Tuesday 29 November 2011

The autumn statement - for better and for worse


Make no mistake, today's Autumn Statement by the Chancellor, George Osborne (above) is very, very, very bad news for every Briton. Despite a sequence of quite well thought-out and welcome measures - especially on lending to small and medium-sized firms, credit easing and infrastructure spending - the forecasts coming out of the Office for Budget Responsibility overwhelm all of that in a tsunami of gloom.

The OBR used to say that growth this year, and over the next two years, would be between two and three per cent. Now it's likely to be less than one per cent this year and next, and then only just two per cent in 2013.

Why? Ministers would have you believe this is due to the crisis in the Eurozone. It's not true. It's in fact due to the enormous risk that Liberal Democrats and Conservatives launched out upon in their austerity drive - a high-stakes gamble that this column always opposed.

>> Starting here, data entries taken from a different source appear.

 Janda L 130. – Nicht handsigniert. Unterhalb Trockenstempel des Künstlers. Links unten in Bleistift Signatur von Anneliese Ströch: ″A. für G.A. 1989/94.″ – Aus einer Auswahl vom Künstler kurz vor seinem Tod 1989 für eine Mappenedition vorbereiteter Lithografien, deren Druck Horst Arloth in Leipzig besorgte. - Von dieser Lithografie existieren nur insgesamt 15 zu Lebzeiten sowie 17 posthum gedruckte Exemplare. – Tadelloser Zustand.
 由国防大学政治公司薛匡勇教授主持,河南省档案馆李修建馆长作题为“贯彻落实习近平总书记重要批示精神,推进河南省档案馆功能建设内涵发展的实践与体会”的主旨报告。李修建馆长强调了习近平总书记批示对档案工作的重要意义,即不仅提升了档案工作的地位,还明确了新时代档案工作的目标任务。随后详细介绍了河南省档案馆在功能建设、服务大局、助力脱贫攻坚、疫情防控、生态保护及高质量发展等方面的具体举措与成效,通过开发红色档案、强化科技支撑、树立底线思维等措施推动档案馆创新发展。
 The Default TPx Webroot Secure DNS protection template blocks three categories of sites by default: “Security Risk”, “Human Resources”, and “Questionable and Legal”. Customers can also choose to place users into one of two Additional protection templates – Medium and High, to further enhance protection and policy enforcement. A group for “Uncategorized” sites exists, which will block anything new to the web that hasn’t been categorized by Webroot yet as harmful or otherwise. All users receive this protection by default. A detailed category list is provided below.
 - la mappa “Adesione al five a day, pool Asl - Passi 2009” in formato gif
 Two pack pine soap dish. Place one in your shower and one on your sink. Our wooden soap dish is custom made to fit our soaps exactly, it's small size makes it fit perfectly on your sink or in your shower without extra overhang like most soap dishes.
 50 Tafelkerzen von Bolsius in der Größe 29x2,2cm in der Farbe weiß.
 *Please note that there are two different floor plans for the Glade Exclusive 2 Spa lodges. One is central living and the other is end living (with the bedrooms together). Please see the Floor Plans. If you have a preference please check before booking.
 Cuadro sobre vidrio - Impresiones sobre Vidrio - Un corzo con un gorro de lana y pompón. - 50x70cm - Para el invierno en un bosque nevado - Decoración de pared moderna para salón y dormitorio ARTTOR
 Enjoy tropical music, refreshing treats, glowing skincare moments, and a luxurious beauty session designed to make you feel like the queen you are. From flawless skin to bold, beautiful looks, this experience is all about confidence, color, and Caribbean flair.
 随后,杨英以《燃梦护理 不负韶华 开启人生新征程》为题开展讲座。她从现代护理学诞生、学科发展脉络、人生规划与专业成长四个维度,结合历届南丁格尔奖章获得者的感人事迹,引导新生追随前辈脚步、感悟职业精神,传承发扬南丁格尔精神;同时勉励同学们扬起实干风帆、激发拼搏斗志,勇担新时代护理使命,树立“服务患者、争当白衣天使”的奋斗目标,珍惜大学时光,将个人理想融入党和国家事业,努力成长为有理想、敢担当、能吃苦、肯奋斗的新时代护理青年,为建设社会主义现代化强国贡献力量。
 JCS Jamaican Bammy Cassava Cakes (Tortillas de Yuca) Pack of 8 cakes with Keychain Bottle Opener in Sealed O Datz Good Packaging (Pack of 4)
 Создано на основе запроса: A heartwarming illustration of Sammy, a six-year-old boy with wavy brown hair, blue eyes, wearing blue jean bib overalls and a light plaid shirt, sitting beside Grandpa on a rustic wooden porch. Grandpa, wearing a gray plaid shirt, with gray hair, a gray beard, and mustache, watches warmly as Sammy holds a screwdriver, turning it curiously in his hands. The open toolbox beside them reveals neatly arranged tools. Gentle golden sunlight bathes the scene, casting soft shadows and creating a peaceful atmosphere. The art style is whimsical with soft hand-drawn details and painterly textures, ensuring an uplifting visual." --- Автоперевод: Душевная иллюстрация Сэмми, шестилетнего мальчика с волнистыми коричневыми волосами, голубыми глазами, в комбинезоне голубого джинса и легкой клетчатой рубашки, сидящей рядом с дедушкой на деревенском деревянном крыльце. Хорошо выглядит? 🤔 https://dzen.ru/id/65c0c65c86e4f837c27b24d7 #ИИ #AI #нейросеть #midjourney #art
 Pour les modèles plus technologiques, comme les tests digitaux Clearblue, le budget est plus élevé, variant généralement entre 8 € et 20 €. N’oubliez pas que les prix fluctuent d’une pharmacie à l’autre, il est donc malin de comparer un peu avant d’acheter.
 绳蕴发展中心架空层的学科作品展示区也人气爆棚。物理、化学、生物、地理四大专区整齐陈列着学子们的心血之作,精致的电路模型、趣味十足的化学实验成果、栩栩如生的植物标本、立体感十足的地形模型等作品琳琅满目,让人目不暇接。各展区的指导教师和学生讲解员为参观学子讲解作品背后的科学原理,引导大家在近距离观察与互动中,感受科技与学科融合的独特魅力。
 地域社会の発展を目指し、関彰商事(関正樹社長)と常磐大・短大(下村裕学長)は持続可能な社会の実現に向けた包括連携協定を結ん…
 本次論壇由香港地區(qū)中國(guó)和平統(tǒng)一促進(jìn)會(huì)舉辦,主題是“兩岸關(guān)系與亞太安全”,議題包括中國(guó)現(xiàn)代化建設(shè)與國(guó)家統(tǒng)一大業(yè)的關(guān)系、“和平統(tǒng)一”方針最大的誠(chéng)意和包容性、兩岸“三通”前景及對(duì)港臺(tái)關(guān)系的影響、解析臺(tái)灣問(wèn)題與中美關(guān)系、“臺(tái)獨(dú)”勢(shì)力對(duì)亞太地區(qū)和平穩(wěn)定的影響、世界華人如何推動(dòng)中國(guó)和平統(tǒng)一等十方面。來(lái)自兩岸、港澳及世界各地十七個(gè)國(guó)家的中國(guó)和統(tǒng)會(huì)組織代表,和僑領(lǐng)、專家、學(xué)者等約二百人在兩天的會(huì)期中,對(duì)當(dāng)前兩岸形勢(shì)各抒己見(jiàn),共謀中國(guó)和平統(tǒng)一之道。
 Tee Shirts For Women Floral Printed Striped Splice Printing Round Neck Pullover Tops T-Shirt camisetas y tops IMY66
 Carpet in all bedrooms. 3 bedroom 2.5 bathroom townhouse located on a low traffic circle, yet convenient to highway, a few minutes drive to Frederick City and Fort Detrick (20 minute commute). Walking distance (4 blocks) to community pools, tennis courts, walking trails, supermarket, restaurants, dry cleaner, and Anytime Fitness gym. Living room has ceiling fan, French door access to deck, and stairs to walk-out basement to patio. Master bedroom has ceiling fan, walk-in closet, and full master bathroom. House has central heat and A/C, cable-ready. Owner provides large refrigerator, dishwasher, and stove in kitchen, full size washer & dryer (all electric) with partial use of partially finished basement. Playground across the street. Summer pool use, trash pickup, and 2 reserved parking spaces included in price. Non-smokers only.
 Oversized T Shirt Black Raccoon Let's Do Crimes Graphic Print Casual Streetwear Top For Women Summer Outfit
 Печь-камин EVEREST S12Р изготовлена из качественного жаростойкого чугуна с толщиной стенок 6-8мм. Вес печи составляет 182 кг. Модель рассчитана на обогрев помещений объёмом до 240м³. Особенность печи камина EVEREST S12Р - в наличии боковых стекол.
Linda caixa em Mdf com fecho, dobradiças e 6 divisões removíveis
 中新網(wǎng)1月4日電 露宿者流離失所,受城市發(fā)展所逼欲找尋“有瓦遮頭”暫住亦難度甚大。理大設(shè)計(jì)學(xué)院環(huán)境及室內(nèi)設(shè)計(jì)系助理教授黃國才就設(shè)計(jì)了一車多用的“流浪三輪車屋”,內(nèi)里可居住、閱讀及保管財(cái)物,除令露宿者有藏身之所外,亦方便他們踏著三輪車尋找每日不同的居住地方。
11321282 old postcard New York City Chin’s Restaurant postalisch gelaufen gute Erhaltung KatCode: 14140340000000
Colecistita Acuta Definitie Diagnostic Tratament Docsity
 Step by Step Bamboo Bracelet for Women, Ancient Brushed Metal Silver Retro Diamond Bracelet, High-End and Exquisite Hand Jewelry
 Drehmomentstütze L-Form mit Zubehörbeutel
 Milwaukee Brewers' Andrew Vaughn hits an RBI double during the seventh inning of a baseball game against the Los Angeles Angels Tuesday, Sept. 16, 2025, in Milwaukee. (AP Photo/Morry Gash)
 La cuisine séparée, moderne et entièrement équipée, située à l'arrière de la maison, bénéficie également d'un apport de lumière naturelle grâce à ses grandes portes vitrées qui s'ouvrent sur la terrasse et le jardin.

Unemployment has been rising for months; consumer confidence flatlining; growth stagnating. In fact, it's been clear since the spring that something is very, very wrong with the British economy. What's wrong is a massive hole where demand should be. John Maynard Keynes, that great master of twentieth century British economics, would say something very simple now: borrow. Spend. Look confident. Talk the economy up. Ministers' failure to do that since May 2010 has done immeasurable harm to many companies, many lives and many of Britain's poorer regions (who just got told, with the end of national pay bargaining, that they're getting their economies hacked back yet again).

And although lots of Mr Osborne's ideas announced today are good, they represent only a partial U-turn - an L-turn, perhaps. New youth employment programmes? Then why scrap the Future Jobs Fund in 2010? More infrastructure funding? Why did you cut £50bn from it last year? More lending for small firms? Why did you go so easy on the banks during the ill-fated Project Merlin, then? The questions go on and on.

What lies ahead is now a long, grim slog. There will be round after round of public sector spending cuts. There will be higher taxes. There will be higher unemployment and more uncertainty. And the debt stock still won't peak until early in 2015 - just before the next General Election. All because growth is likely to be so slow.

Tell me again what a good idea it is to take a lot of risks?